Multiferroic nanostructured oxides for solar fuel generation

用于太阳能燃料发电的多铁纳米结构氧化物

• 批准号: 2305256
• 金额: --
• 依托单位: Loughborough University
• 依托单位国家: 英国
• 项目类别: Studentship
• 财政年份: 2019
• 资助国家: 英国
• 起止时间: 2019 至 无数据
• 项目状态: 已结题
• 来源: https://gtr.ukri.org/projects?ref=studentship-2305256
• 关键词: Multiferroic; nanostructured; oxides; solar; fuel

The economic conversion of solar energy into chemical fuels is one of the most promising paths to meet the future energy demand in a sustainable manner. Solar-driven energy generation relies on the efficient absorption and conversion of the energy of the sunlight by a semiconductor material. Control and development of unique and tailored nanostructured architectures whilst preventing the degradation of photocatalytic activity using polar semiconductors could lead to major technological benefits and ultimately efficient and cost-effective conversion of solar energy. Polar multiferroic ceramics can promote efficient separation and transport of photoexcited charge carriers. Of particular interest is unique composite nanostructures of these polar ceramics that could prohibit bulk and surface recombination pathways hence leading to significant improvements in overall solar to fuel conversion efficiency. This project will investigate synthesis and processing of controlled nanostructures of multiferroic ceramic materials using low temperature microwave hydrothermal methods and examine the effect of processing parameters on photocatalytic performance in a particulate-based artificial photosynthesis system. The detailed investigation carried out in this work will contribute to the development of fundamental understanding of the role of polarisation and nanostructure architecture in the performance of powder based systems. This will significantly impact and accelerate the utilisation of such systems in practical applications of sustainable fuel generation.
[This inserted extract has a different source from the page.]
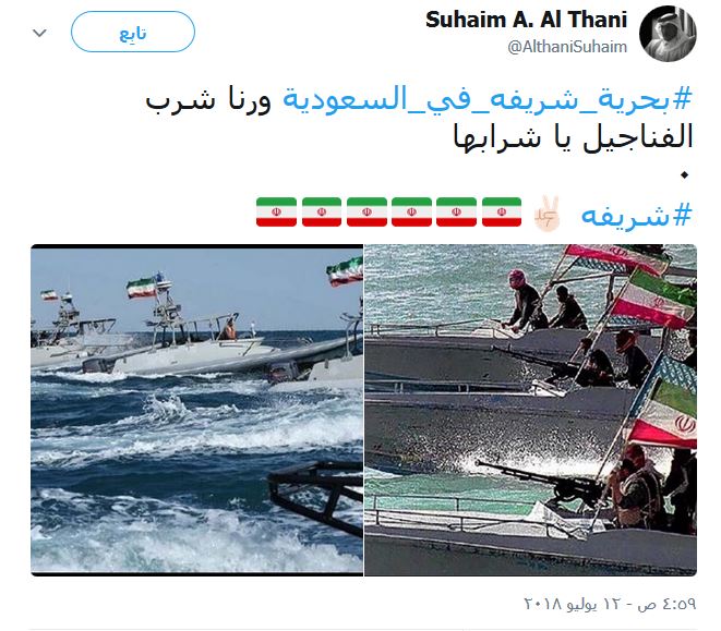 وتحت هاشتاق #بحريه_شريفه_في_السعوديه سخر ناشطون من الشكوى السعودية وتساءلوا عن أنه في حال صحة الإدعاءات السعودية عن “دخول قوارب ايرانية لمياهها الاقليمية” فلماذا لم ترد؟! وأين كانت البحرية السعودية؟!

将太阳能经济地转化为化学燃料是以可持续的方式满足未来能源需求的最有前途的途径之一。太阳能发电依赖于半导体材料对太阳光能量的有效吸收和转换。控制和开发独特且定制的纳米结构结构，同时防止使用极性半导体的光催化活性退化，可以带来重大的技术优势，并最终实现高效且经济高效的太阳能转换。极性多铁陶瓷可以促进光生载流子的有效分离和传输。特别令人感兴趣的是这些极性陶瓷的独特复合纳米结构，它可以阻止体相和表面复合途径，从而显着提高整体太阳能到燃料的转换效率。该项目将研究利用低温微波水热方法合成和加工多铁性陶瓷材料的受控纳米结构，并研究加工参数对基于颗粒的人工光合作用系统中光催化性能的影响。这项工作中进行的详细研究将有助于对偏振和纳米结构结构在粉末基系统性能中的作用的基本理解的发展。这将显着影响并加速此类系统在可持续燃料发电的实际应用中的利用。